Given a sequence $\{a_{n,p}\}$ with $(n,p)\in\Bbb{Z}×\Bbb{N}$. Suppose $\lim\limits_{p\to+\infty}a_{n,p}=a_n\neq 0$ for each $n\in\Bbb{Z}$, $\sum\limits_{n=-\infty}^{+\infty}|a_n|<+\infty$ and $S=\sum\limits_{n=-\infty}^{+\infty}a_n$. Prove or disprove that: $$\lim_{p\to+\infty}\sum_{n=-p}^{p}a_{n,p}=S.$$
Any hints will welcome!!
On
The assertion is false. Find a counterexample such that for each $n$, the sequence $a_{n,p}$ tends to $a_n$ as $p\to\infty$. But set things so that the larger $|n|$ is, the longer $a_{n,p}$ stays big -- say $a_{n,p}$ remains $1$ whenever $p\le|n|$, and only after $p>|n|$ will you allow $a_{n,p}$ to take the constant value $a_n$. (You should visualize this with a picture.)

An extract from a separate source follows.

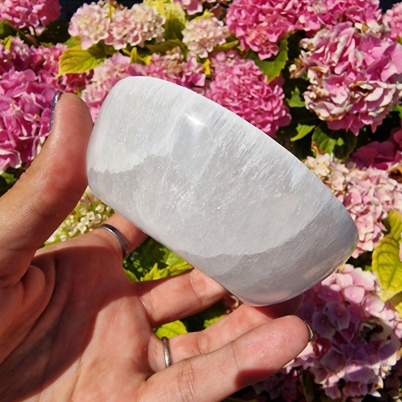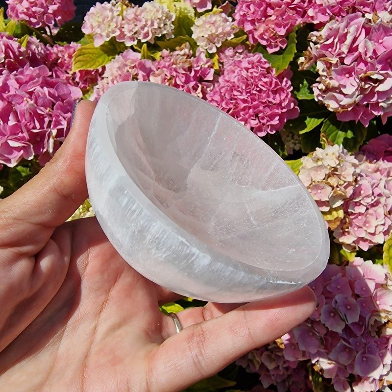 Szelenit ásvány tálka Marokkóból. Megtekinthető videón Instagram oldalunkon.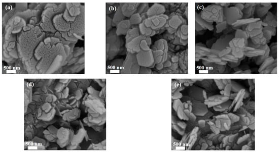 The SEM images (Figure 2) present the morphologies of the obtained FER-X zeolites. All samples are composed of hexagonal flake-like crystals with smooth surfaces; the average size of each flake is ~1 μm in length, ~500 nm in width, and 20~50 nm in thickness. Combined XRD and SEM analyses indicate that their morphology and structure are identical.

Take $a_{n,p} = \frac{1}{p} + \frac{1}{(1+|n|)^2}$, where $p \in \mathbb{N}$ and $n \in \mathbb{Z}$. Then $$ a_{n,p} \to \frac{1}{(1+|n|)^2} :=a_n, \text{ as } p\to \infty, $$ clearly $\sum_{n} |a_n| < \infty $, and let $S= \sum_{n\in \mathbb{Z}}{a_n}$. Then $$ \sum_{n = -p}^p a_{n,p} = \frac{2p+1}{p} + \sum_{n=-p}^p \frac{1}{(1+|n|)^2} \to 2 + S \text{ as } p \to \infty. $$